Adjusted EBITDA for the full year was $480 million, down 2.6% year-over-year, while our adjusted EBITDA margin for the year was 11.5%, up 40 basis points compared to 2019. The decline in adjusted EBITDA was driven by lower revenue and bringing back certain employee costs, partially offset by the cost savings program and our revenue mix. One item to note is that, we don't plan on providing the same level of detail and the impact of COVID in 2021 as it is now in our baseline, but we still plan to highlight major variances in our commentary as we've always done.

Let's turn to slide 10 to go over the segment results. For the full year, our commercial revenue declined 9.3%, primarily driven by COVID impacts of approximately $158 million and prior year lost business. Adjusted EBITDA declined 31.4% while the adjusted EBITDA margin of 11.9% was down 390 basis points year-over-year. The adjusted EBITDA decline was primarily driven by lower revenue, one-time items and certain employee costs, partially offset by cost savings. The COVID impact was primarily driven by lower volumes within our commercial healthcare and transaction processing offerings, as well as the interest rate impact on our BenefitWallet offering.

Our government business grew by 1.4% for the year.
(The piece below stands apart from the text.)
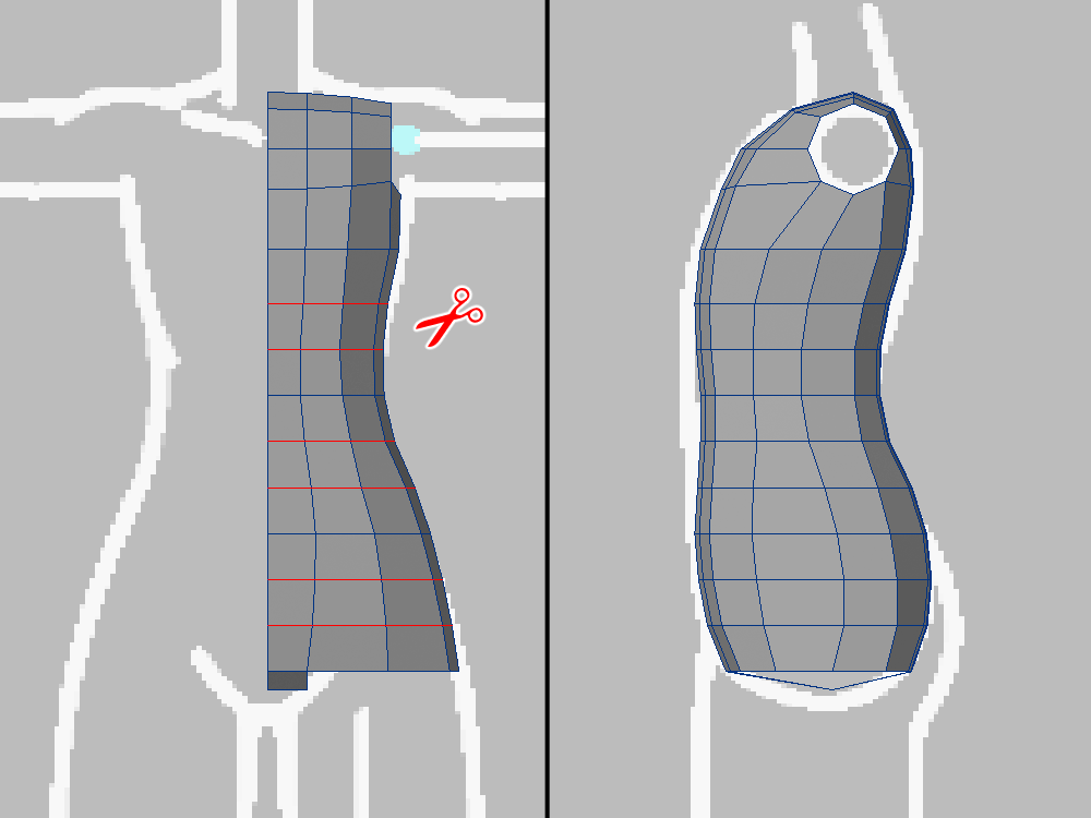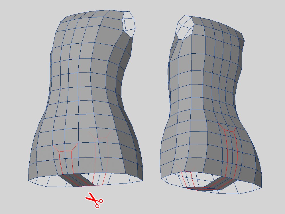 尻の形が作れないと思ったので、股下にカットを追加しました

This was primarily driven by approximately $149 million of revenue related to COVID volumes, as well as the ramp of new business, partially offset by the loss of the California Medicaid contract. Government adjusted EBITDA increased by 27.7%, while adjusted EBITDA margin of 31% increased by 640 basis points. This margin improvement was due to the higher volumes from COVID-19 related work and our cost savings program.

Our transportation segment revenue declined by 7.9% compared to 2019, primarily driven by the approximate $76 million negative impact from COVID- 19. We also had the impact of lost business, partially offset by new business ramp. Adjusted EBITDA was up 8.3% compared to 2019, driven by revenue mix and the cost savings program. Adjusted EBITDA margin for the year was 16.3%, up 250 basis points year-over-year. In transportation, we saw Q4 tolling volumes continue to recover to 80% of pre-COVID volumes. However, volumes in the curbside management business remained under pressure and impacts continued in the transit business.
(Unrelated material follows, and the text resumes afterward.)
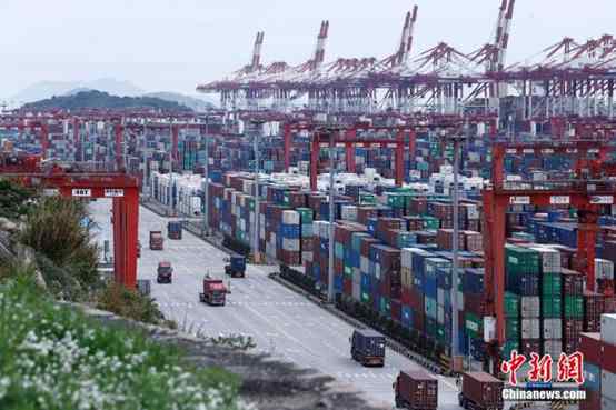 Container trucks travel back and forth as they shuttle shipments at the Yangshan Deep Water Port, Shanghai. (China News Service/Yin Liqin)

For the full year, our unallocated costs were $294 million, 2.3% lower than 2019. This decrease was driven by lower IT and corporate function spend, partially offset by bringing back certain employee costs. In 2021, we've changed our operating model, including bringing on new talent and reorganizing our go-to-market. We are looking at how that may impact our segment reporting this year and we'll provide an update on the Q1 call.

Let's now turn to slide 11 to discuss the balance sheet and cash flow. Our balance sheet continues to remain healthy and we have a solid liquidity position. We ended the year with $458 million of cash on the balance sheet and had very strong free cash flow performance for the year. We paid back the $150 million borrowing under revolver in December, which we took at the beginning of the pandemic as a precautionary measure. As of year-end, we had approximately $743 million of capacity under the revolver. Our net leverage ratio at year end was 2.2 turns in line with our target of 2 to 2.5. As you can see on the debt maturity table, our first major maturity is at the end of 2022, refinancing all or a portion of our debt during 2021 is a priority for us.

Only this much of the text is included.